The venture capital industry is applauding the $500 million earmarked for VC investment in Thursday’s federal budget.

The federal government proposed to devote $400 million to help increase private sector investments in early-stage risk capital, and to support the creation of large-scale venture capital funds led by the private sector. It also promised $100 million for the Business Development Bank of Canada to support its venture capital activities.

The budget says the $400 million allocation “will increase the amount of funding available for growth-oriented innovative firms while focusing resources on those that are likeliest to become global leaders.”

The budget doesn’t spell out exactly how the funds will be dispensed, instead, indicating that, “In the coming months, the government will consider how to structure its support in order to incent private sector investments and management of seed and large-scale venture capital funds.”

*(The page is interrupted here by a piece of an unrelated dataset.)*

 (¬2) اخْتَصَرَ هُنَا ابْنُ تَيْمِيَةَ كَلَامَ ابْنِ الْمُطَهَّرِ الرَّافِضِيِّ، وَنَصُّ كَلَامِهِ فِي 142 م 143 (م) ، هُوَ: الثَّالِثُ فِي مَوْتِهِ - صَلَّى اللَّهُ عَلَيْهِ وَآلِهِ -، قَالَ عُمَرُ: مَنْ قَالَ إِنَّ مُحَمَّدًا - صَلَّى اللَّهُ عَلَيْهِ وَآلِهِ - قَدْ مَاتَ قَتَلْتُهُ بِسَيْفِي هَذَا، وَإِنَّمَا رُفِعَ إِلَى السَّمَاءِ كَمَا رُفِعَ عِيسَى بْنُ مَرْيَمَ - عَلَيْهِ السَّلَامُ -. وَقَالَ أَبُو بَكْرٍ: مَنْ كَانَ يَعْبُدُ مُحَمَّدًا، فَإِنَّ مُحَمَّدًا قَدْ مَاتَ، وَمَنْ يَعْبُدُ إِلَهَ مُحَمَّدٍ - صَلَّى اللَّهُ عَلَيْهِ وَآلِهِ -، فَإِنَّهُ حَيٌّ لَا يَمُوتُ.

On Friday, Canada’s Venture Capital and Private Equity Association congratulated the federal government for these measures. “In particular, we were pleased to see that the federal government has taken decisive action to address the acute shortage of venture capital by committing $500 million to the industry,” says Gregory Smith, president of the CVCA and managing partner of Brookfield Financial.

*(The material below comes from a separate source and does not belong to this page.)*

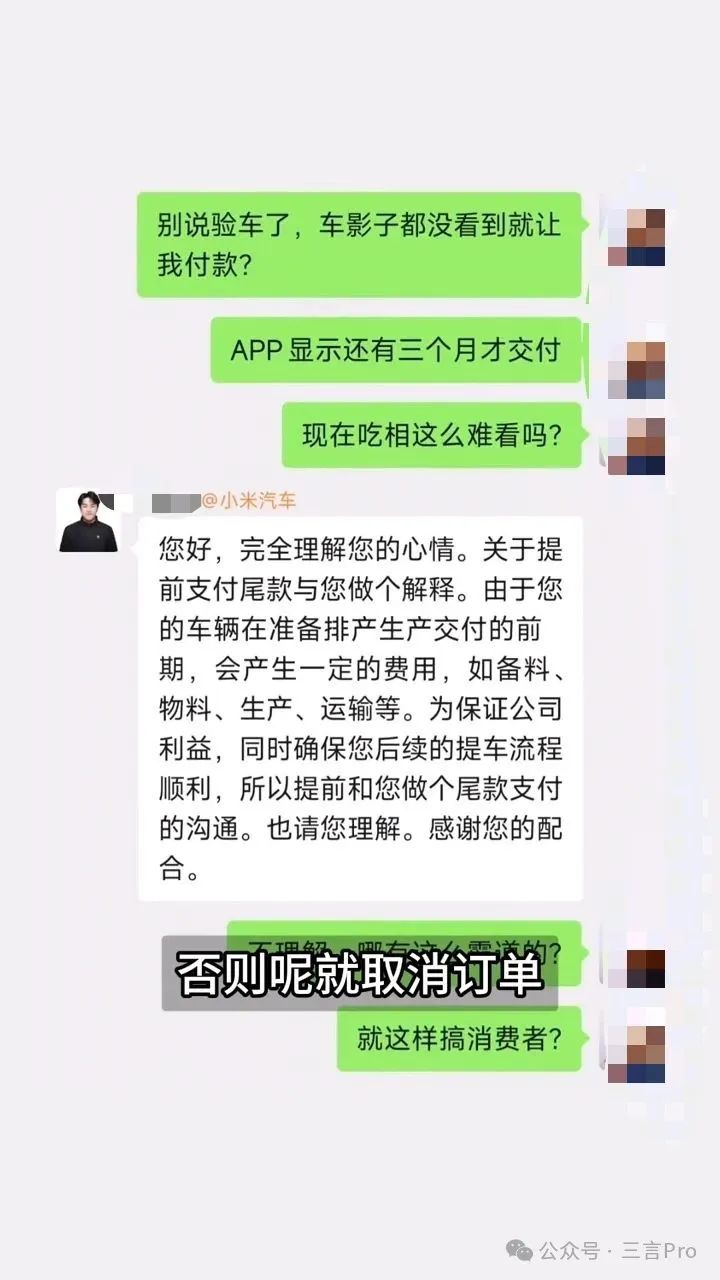 曝买小米汽车强签“霸王条款”:车未下线便遭催尾款,还有人吐槽需“先交钱后验车”汽车

“We look forward to working with the federal government in determining how best to structure its support in the months ahead,” added Smith.

The CVCA also noted that there are other aspects of the budget that will help grow the tech sectors of the economy, and that it proposed changes to the Scientific Research and Experimental Development tax incentive program, which provided more than $3.6 billion in tax assistance to R&D in 2011.

The budget proposed a number of measures designed to streamline and improve the SR&ED tax incentive program, which, it says, are intended to simplify the program, and better align the tax credits received with actual business expenditures on R&D projects. They would also reduce the general tax credit rate from 20% to 15% in 2014 in recognition of recent reductions in overall corporate tax rates which had made the tax credit relatively more generous.

Implementing changes to the administration of the program will cost $4 million in 2012–2013, and $2 million in 2013–2014. The budget says the savings generated by those actions will be invested in “direct support programs that will reinforce business innovation in Canada.”

“We are pleased that the federal government has opted to keep the structure of the SR & ED program largely intact. We do support making the program more effective and will be examining the proposed modifications closely,” said the CVCA’s Smith.